Former Auschwitz guard dies days before opening of trial

Ernst T., a 93-year-old German who served as a guard at the Auschwitz death camp, escaped justice for the last time when he died last week – just days before going on trial. 

By: AP and World Israel News Staff

A 93-year-old German who worked as a guard at the Auschwitz death camp has died days before his trial was due to open.

Ernst T., whose full name wasn’t given in keeping with German privacy rules, allegedly played a part in the deportation of prisoners from Nazi transit camps in Berlin, Drancy in occupied France, and Westerbork in the occupied Netherlands.

Prosecutors say at least 1,075 prisoners were gassed to death shortly after arriving at Auschwitz. The suspect allegedly was a member of the SS-Totenkopfsturmbann group and served as a guard in Auschwitz from Nov 1, 1942 to June 25, 1943.

The man was to go on trial next Wednesday at a court in Hanau, near Frankfurt, on charges of accessory to murder.

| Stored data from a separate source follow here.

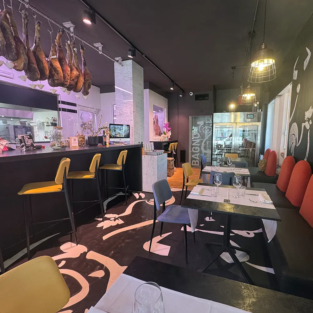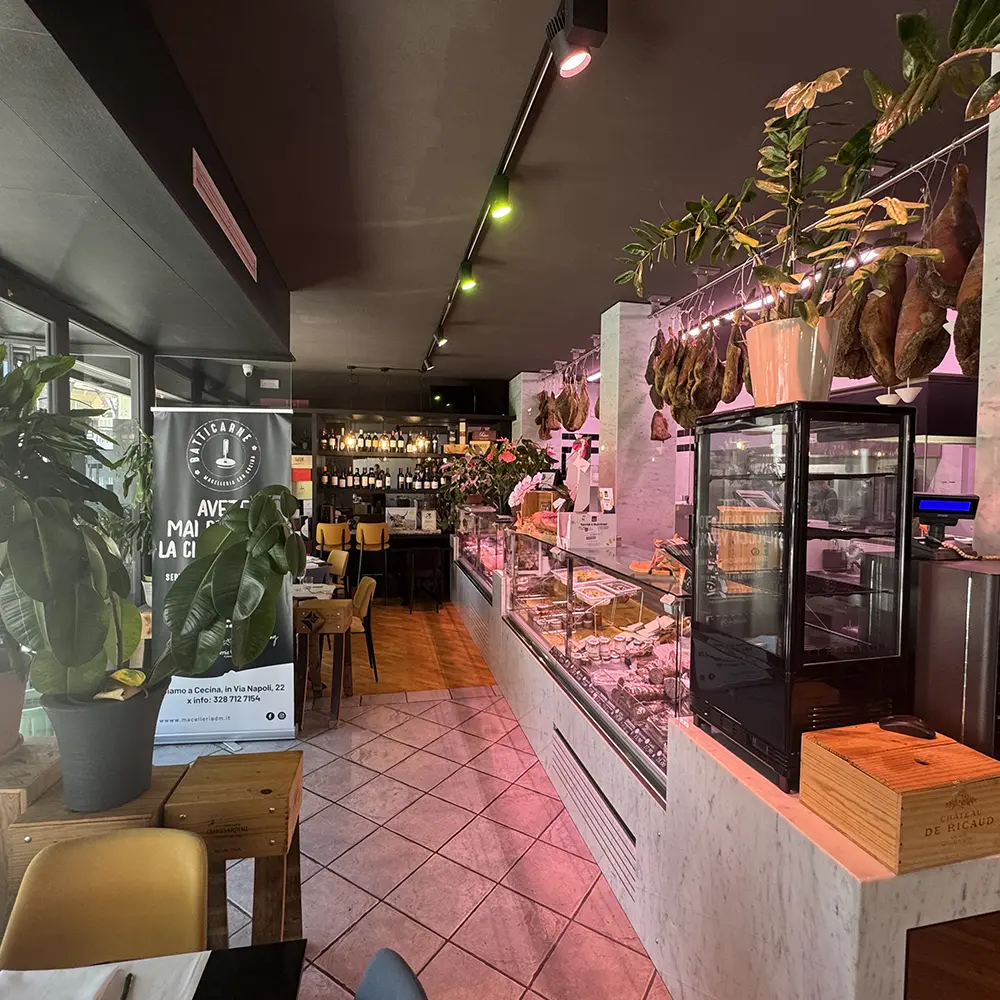 L'atmosfera del Ristorante Batticarne vi accoglierà in un ambiente curato nei minimi dettagli, dove il prestigioso marmo di Carrara caratterizza l'arredamento con eleganza senza tempo. L'arredo tipico delle vecchie macellerie toscane crea un'atmosfera autentica e suggestiva, dove ogni elemento è pensato per richiamare la tradizione gastronomica locale in un ambiente intimo e raffinato che esalta l'esperienza culinaria.
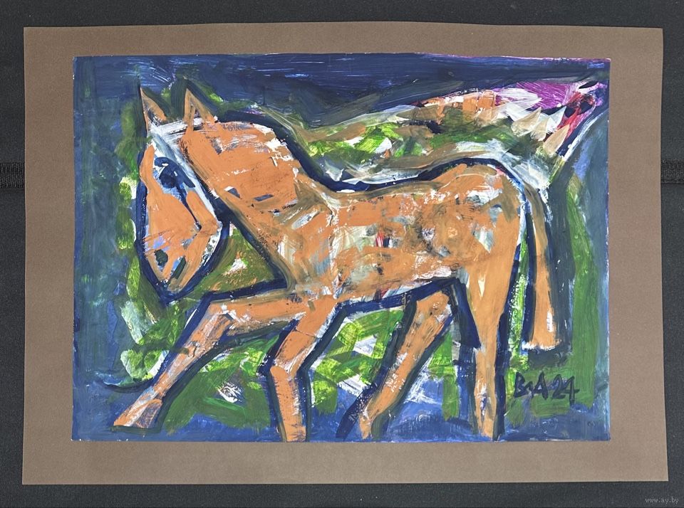 Акулов В.И "Любимая лошадка", 2024г.Бумага,акрил. Размер с паспарту 70х50 см.
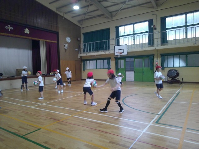 今日は最後の体ほぐしの運動でした。ストレッチをした後、線鬼をしました。後半は、ボールを使った体ほぐしの運動を行いました。最後に2つのチームに分かれて、ボール送り競争をしました。「上・下」など声をかける様子が見られ、声をかけていたチームが勝利しました。
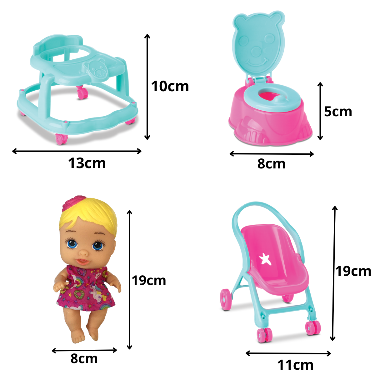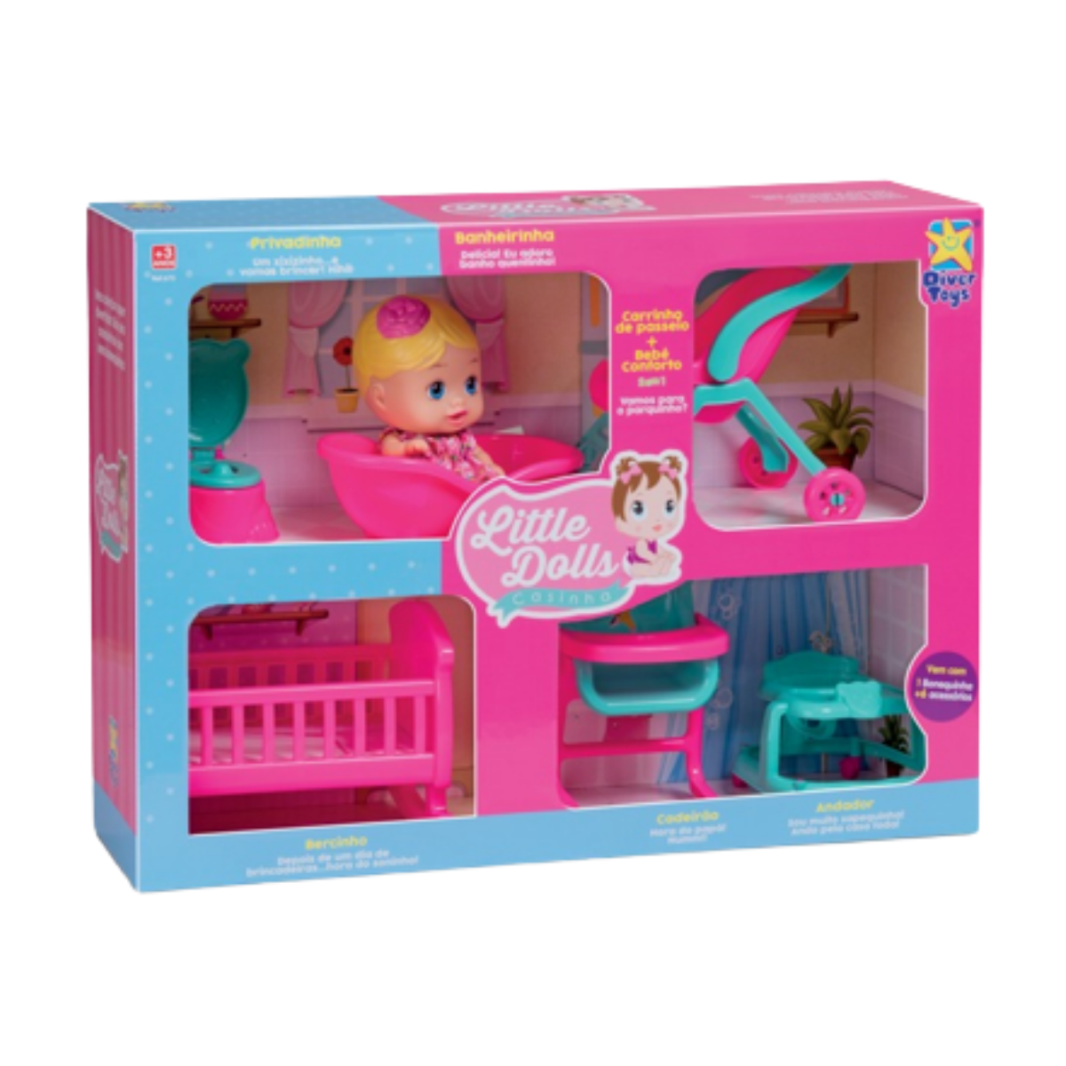 A linda boneca Little Dolls Casinha é super divertida! Ela acompanha diversos acessórios como banheira, cadeira de papinha, troninho, bercinho, andador e um carrinho 2 e 1 que vira bebê conforto, a diversão está garantida! É super fofa e delicada, gostosa de abraçar e apertar, e compõe um delicioso cheirinho de bebê perfumada.
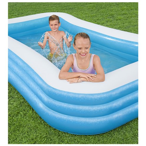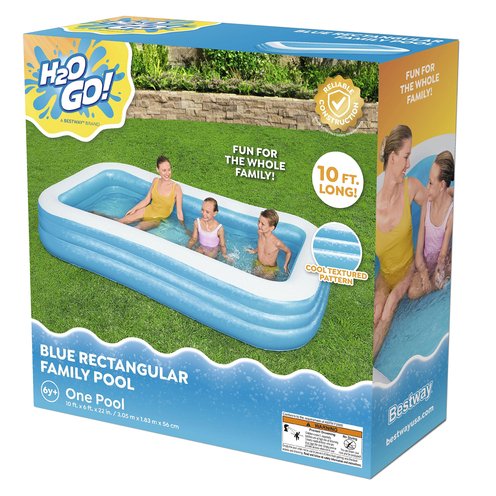 Splash into some refreshing memories with the H2OGO!® Blue Rectangular Family Pool! Designed to get kids (and adults) out of the house, it features a textured pattern on the side walls and puts the focus back on fun! The rectangular pool is 10 ft. long with a water capacity of 307 gal. (1,161 L) and has extra-wide side walls for stability. The pool is great for families with young children to splash and play in the sun. Plus, taking it down is a breeze with the easy to use drain valve, so it can be drained and stored for many splashy seasons to come. Add more smiles, laughs and splashes to your summer with the H2OGO! Blue Rectangular Family Pool!
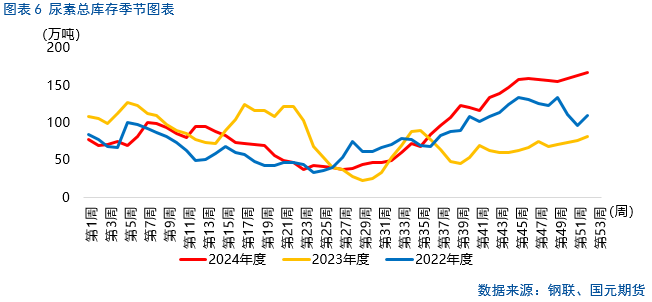 尿素企业库存环比上涨,持续创下年内新高,同比居于近三年同期高位。截至2024年12月25日,尿素企业总库存量152.50万吨,较上周增加5.32万吨,环比增加3.61%。尿素整体港口库存窄幅下降,主要是大颗粒尿素货源零星离港,小颗粒尿素维持不变。截至2024年12月26日,中国尿素港口样本库存量为15.4万吨,环比减少0.2万吨,环比跌幅1.28%。

The court confirmed his death Thursday.

Germany Rectifying Past Failures

German judicial authorities have in the past years made a final push to prosecute Nazi criminals, just before they escape justice for the last time, like Ernst T. did.

Read  Only survivor of 6,000 Jewish children deported from France dies, aged 97

This attempt to put another Nazi criminal on trial is one of the latest that follow a precedent set in 2011, when former Ohio autoworker John Demjanjuk became the first person to be convicted in Germany solely for serving as a camp guard, with no evidence of involvement in a specific killing.

The verdict vastly widened the number of possible prosecutions, establishing that simply helping the camp to function was sufficient to make one an accessory to the murders committed there. Before that, prosecutors needed to present evidence of a specific crime — a difficult task with few surviving witnesses and perpetrators whose names were rarely known and whose faces were often only seen briefly.

There is no question there were “some serious failures by the German judicial system in the past,” says Efraim Zuroff, the head Nazi-hunter at the Simon Wiesenthal Center. But “that doesn’t in any way change the validity of what’s happening now.”

“In a certain sense, you could say these people had the bad luck to live a long life,” he told the AP in a telephone interview from Jerusalem. “If they had died five years ago they would never have been going to trial.”